Puncture Avoidance: Thicker tyres in the winter or when it is raining. Consider a tire liner. Even more hardcore is "The System," an old 23c tyre with its bead cut off, inserted between inner tube and 25c tyre. Our New Mexico associates assure us it is the only effective barrier for goathead thorns. Also, we've found that scrupulous avoidance of the f-word seems to help. use puncture instead.

•A $200 fitting session with a professional will be worth more to general cycling enjoyment and efficiency than a new pair of $200 carbon handlebars.

Riding faster: Pumping up your tires to a higher pressure does not guarantee better rolling resistance. When the tyre you are riding says "Max inflate, xxx psi" that does not mean "For best results in all conditions inflate to xxx psi." Tyre inflation pressure should be a consideration of body weight, tyre quality/suppleness, expected road conditions.

The lower you can comfortably get your shoulders and still generate good power – the faster you'll ride, all other things being equal.

•Generally speaking, after about 34 mph, you are better off descending in a tuck than pedaling.

•And when in that tuck, get your knees together and your legs at 3 and 9 o'clock positions. Constantly self-examine to see if there isn't something you can do to become more aero while descending.

Racing: The shorter the race, the longer the warm up. You should warm up significantly more if it's colder. Start with a one-hour warm up for a one-hour race.

Crinkle up your race number and insert each pin through your numbers going through the tyvek twice. Ignore the holes on the corners of the number.

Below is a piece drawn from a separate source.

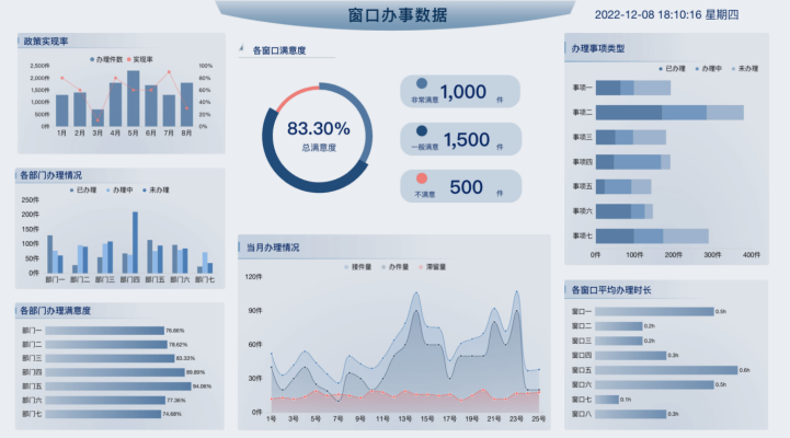 本项目将制作一个政务窗口办事数据分析仪表板,效果图如下:
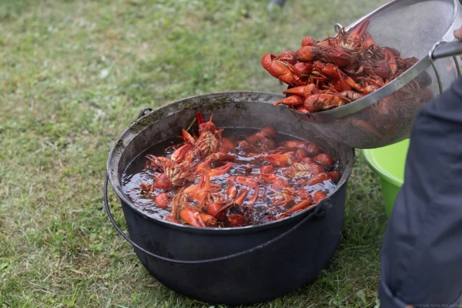 Конечно, в духе Круминьша своих гостей с пустыми животами не отпускать, поэтому собравшимся на стол подавали суп из баранины и обильный ассортимент холодных закусок, в том числе различные сыры, сало и варенья, а вечером все могли угоститься приготовленным там же жареным поросенком, ягненком и несколькими десятками килограммов только что сваренных раков.

Pin your numbers when you are in the jersey and bent over a bit to mimic your cycling position (it's good luck of course to have someone gorgeous pin your number on). Stretching your jersey over your car's steering wheel and pinning it on yourself is a good, if somewhat less thrilling, alternative.

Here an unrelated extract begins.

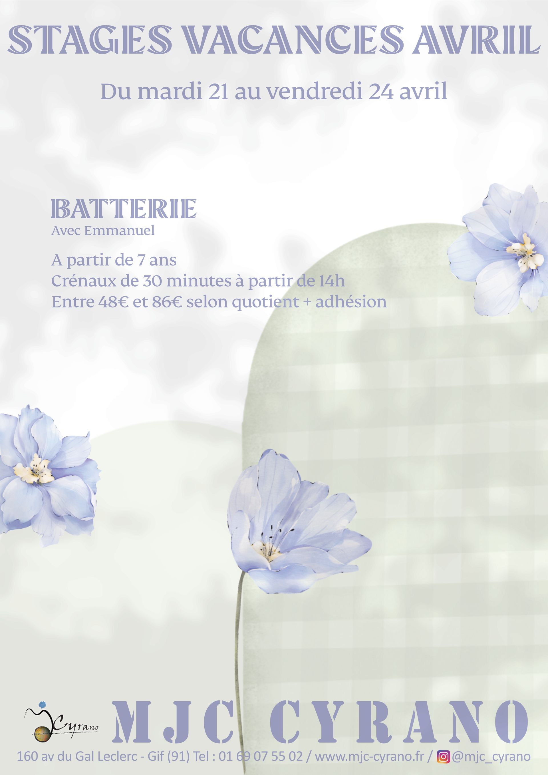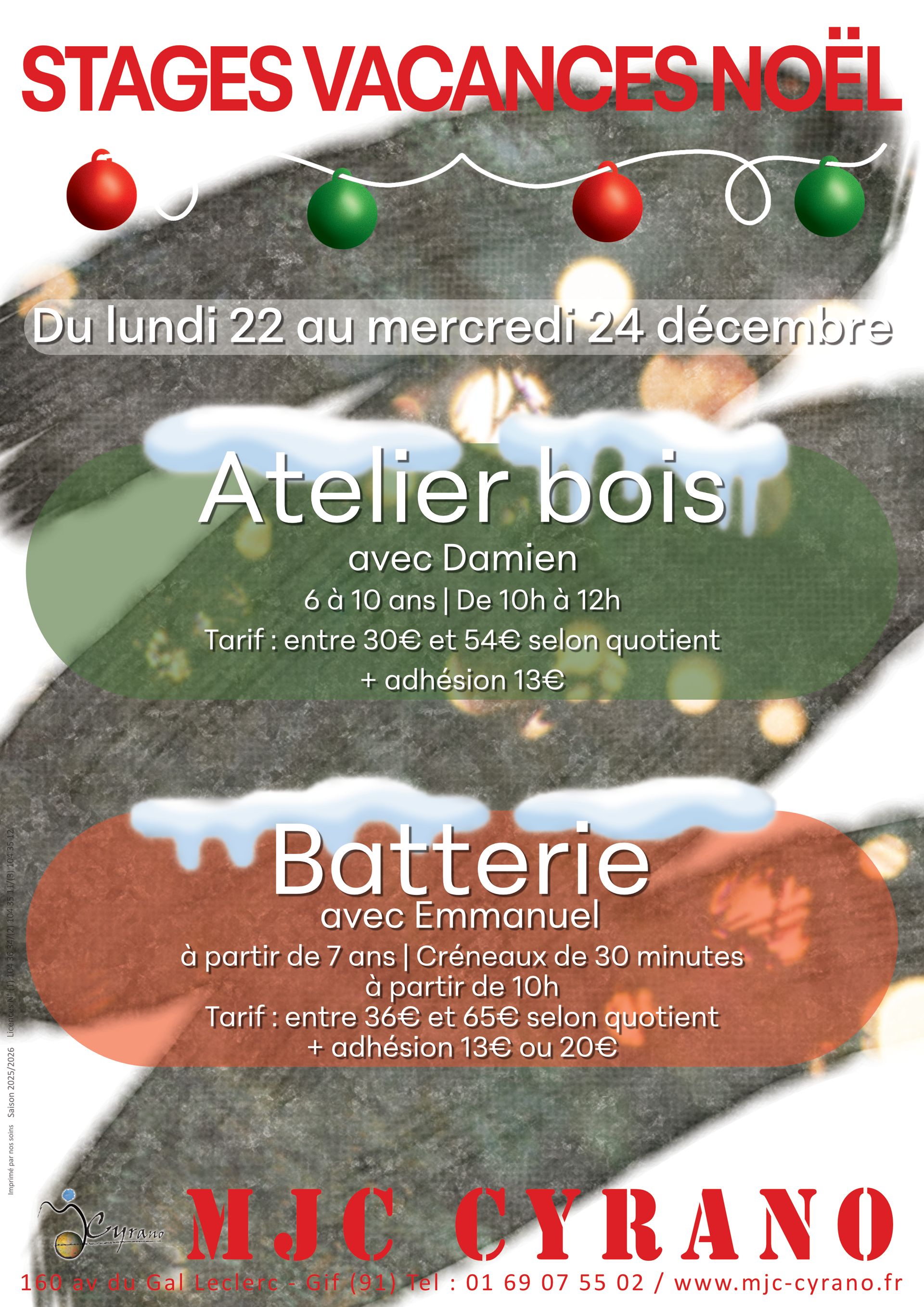 Pendant les vacances scolaires la MJC Cyrano propose des stages d’une semaine encadrés par des animateurs d’activité. Ces moments privilégiés permettent aux enfants et adolescents de partir à la découverte d’un atelier ou de se perfectionner à une pratique culturelle.

•If climbing is not your strength and the climb is not terribly long, try "the drift," start toward the front and then drift back through riders – you'll have a better chance of staying with your group that way.

The winning break always seems to go:
1. At the very beginning of the race
2. With just 1 km remaining
3. Right before the hardest climb
4. On the hardest climb
5. On the little climb right after the hardest climb that no one's really thinking about
6. Right when the doomed break is being caught
7. Sneakily, when no one is paying attention, or
8. Brazenly, when everyone is completely throttled

•If you have a teammate in the break please don't block by getting to the front and screwing up the corners for everyone, or by sabotaging the paceline. A better and less negative approach is to sit on the front group and then attack if your guy gets caught. Trust me you'll alienate fewer racers that way, too.

Caffeine is okay to have in a bike race, but not more than a couple cups' worth of coffee, and for your sake no earlier than 1/2 hour before the finish as the possibility of sustaining leg cramps goes up. If the conditions are hot, then 20 minutes before the finish. We feel that starting a long race by downing a couple Red Bulls may be a mistake.

Winning The secrets? Okay I'll tell you. Two simple things: 1. Learn how to spin the big gears really well 2. It's important to be at the front of the race, especially in the closing meters.

Being safe: Rarely has any good come about flipping an aggressive driver the bird.

•Enter in sheriff's number, highway patrol/state trooper's office in your cell phone's speed dial in case you find yourself confronted by reckless or aggressive drivers.

•Enter in your most important person (spouse, parent, etc.) number in your cell phone's speed dial in case you are in some sort of mishap and the authorities need to call someone. Label this entry ICE (In Case of Emergency).

Being a good citizen: If your county has an illegal dumpsite hotline, Enter it into your speed dial also, so you can easily report illegal dumping.

•Every time you ride you are an ambassador for our sport. Therefore please follow the law; it will help starve those who dislike us of fuel for their belligerence.